For the NH listeners, the listening conditions were created by varying the number of bands of noise-band vocoded speech. The auditory stimuli were presented in six conditions; 4-, 6-, 8-, 12-, and 16-band noise-vocoded speech, and an unprocessed baseline condition. This was a subset of the same conditions used in our previous dual-task study (Pals et al., 2013). The noise-band vocoded speech was generated using the method as described by Shannon, Zeng, Kamath, Wygonski, and Ekelid (1995), and in a manner similar to our previous study (Pals et al., 2013). All speech stimuli, including the unprocessed condition, were first band-pass filtered to 80 to 6000 Hz. For each of the vocoder conditions, this frequency range was divided into the desired number of bands such that the bands, from lower to upper −3 dB cut-off frequency, spanned approximately equal distances in the average cochlea according to the Greenwood function (Greenwood, 1990). The speech recording was band-pass filtered into the desired number of analysis bands using sixth-order Butterworth band-pass filters. The noise carriers were generated by filtering white noise into bands using the same band-pass filters. From each of the analysis bands, the envelope was extracted using half-wave rectification and low-pass filtering at 160 Hz using a third-order Butterworth filter. The carrier noise bands were modulated using the envelopes of the corresponding analysis bands and postfiltering using the original band-pass filters, and finally the resulting bands were combined to form the noise-band vocoded speech signal. For the CI users, the experimental conditions of varying spectral resolution were the same as in Experiment 1, described earlier.

Procedure

All NH and CI participants were tested with a similar procedure. They were instructed to listen to one sentence at a time and to indicate whether the sentence was true or false/nonsense by pressing either “v” for true or “n” for false/nonsense. The participants were instructed to respond as accurately and fast as possible. Whether a true or false sentence was played was determined randomly by MATLAB, with a 50% chance for either. The experimental program logged the responses and recorded the RTs from the end of the stimulus to the button-press, following previous procedure described by Adank et al. (2009), therefore negative RTs were possible. If no key was pressed 5 s after start of the sentence, the program logged this as a miss and moved on to the next sentence. A silent interval of random duration between 1.5 and 3.0 s was used between the end of the trial and the presentation of the next sentence stimulus.
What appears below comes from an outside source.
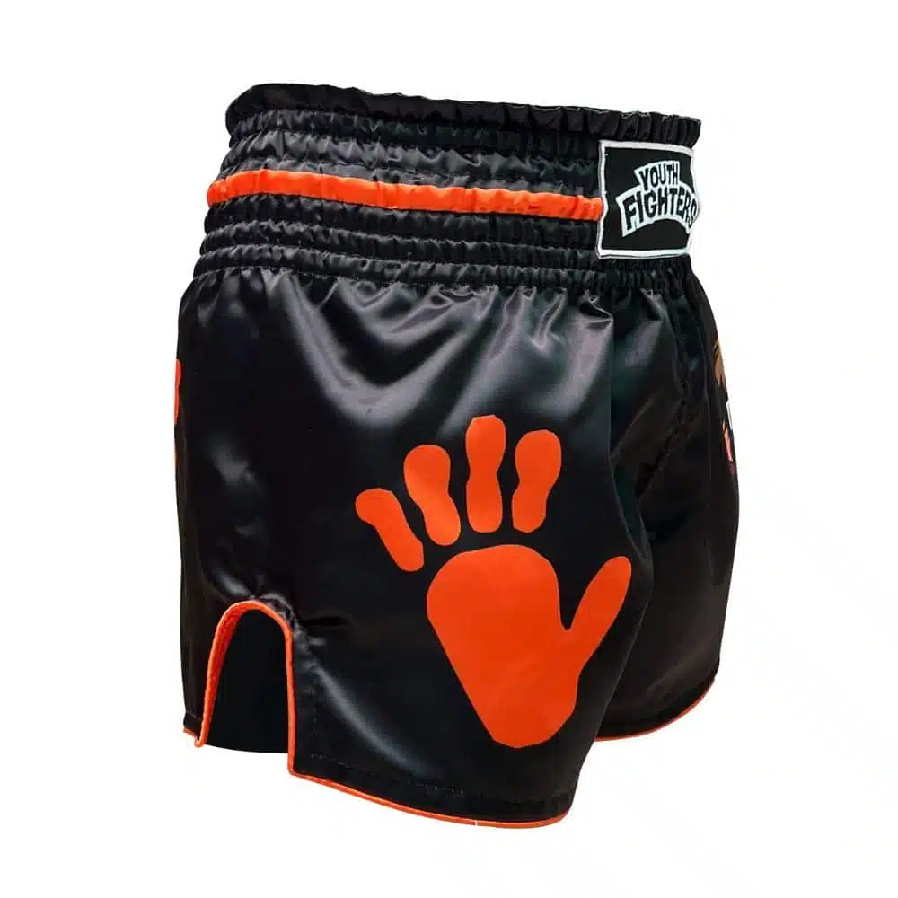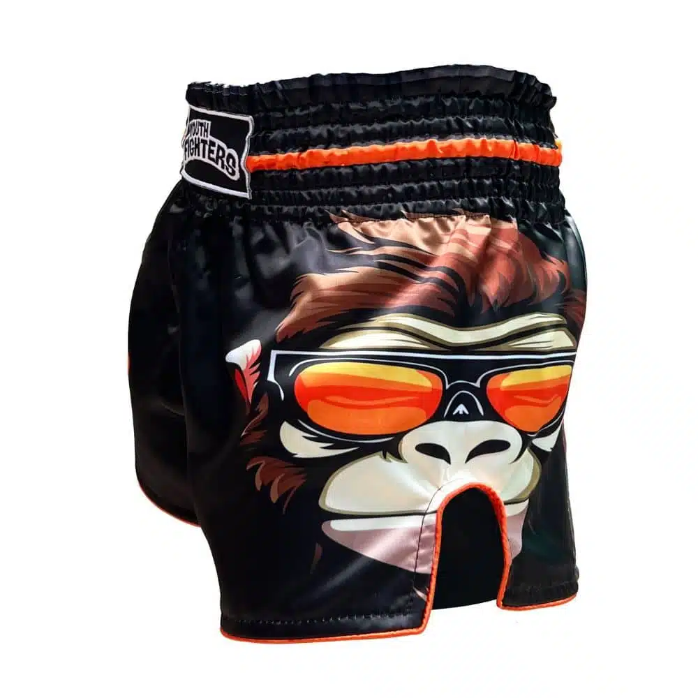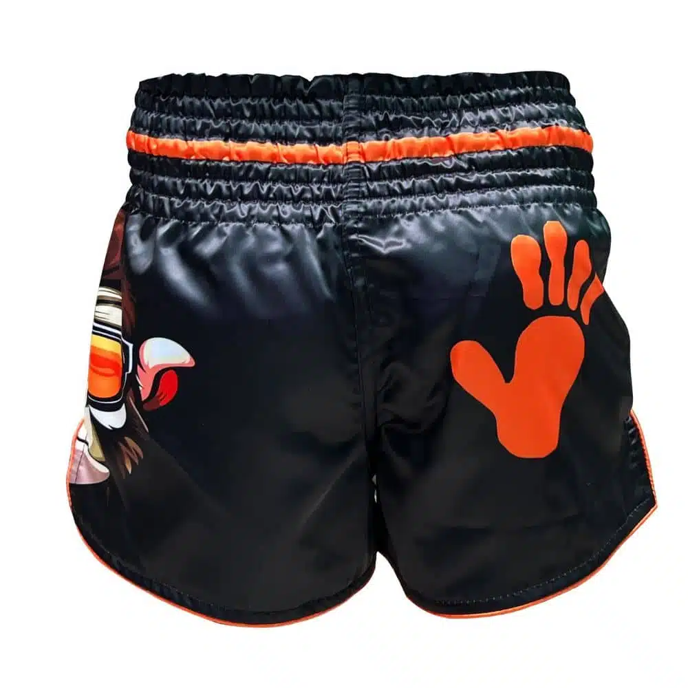 Laat jouw kleine vechter opvallen in de gym met de Youth Fighters Kickboksbroek Kids Monkey! Deze kinder kickboksbroek is speciaal ontworpen voor jonge strijders die durven te shinen. Het opvallende design met de coole monkey met zonnebril en de oranje handafdrukken maakt dit broekje een echte blikvanger.

The NH participants performed Experiment 2 in one session, which lasted approximately 1 hr. The CI users performed Experiment 2 in two sessions, with a 1-month training period in-between, similar to Experiment 1. Session one lasted about 1 hr, and session two about 2 hr, as described previously. They performed Experiments 1 and 2 one after the other in session 1 with their own processor and after the training period in session 2 with the experimental maps on the experimental processor in an interleaved fashion; for each of the 4 experimental maps, the tasks for both Experiments 1 and 2 were performed before moving on to the next map. To minimize any effects of condition order, one half of the participants performed the dual task first, followed by the SVT, and the other half did the opposite. At the start of each session, the task was explained verbally, followed by one training block consisting of 15 sentences for the first session and 10 sentences for the second session. The experimental blocks were presented in counterbalanced order and consisted of 30 sentences each, of which the first 5 sentences were considered training and were not included in the performance score of the task, resulting in 25 sentences per condition.

Results

NH listeners

Figure 3, top-left panel shows the accuracy in percentage correct for the SVT for the NH listeners. The baseline included in the graph reflects the average accuracy using unprocessed speech stimuli. A one-way repeated-measures ANOVA with spectral resolution (4-, 6-, 8-, 12-, and 16-band noise-vocoded speech) as a numerical within-subject factor and covariate task order revealed a significant effect of spectral resolution, F(1, 23) = 36.696, p <.001.

Figure 3.

Figure 3.

Results of the sentence verification task shown for NH participants (left-side panels) and CI participants (right-side panels). The top panels show accuracy scores in percentage correct and the lower panels show RTs. Error bars show standard error. The baselines included in each figure show the average score for unprocessed speech for NH participants and the average score for the CI users when tested with their own device. CI = cochlear implant.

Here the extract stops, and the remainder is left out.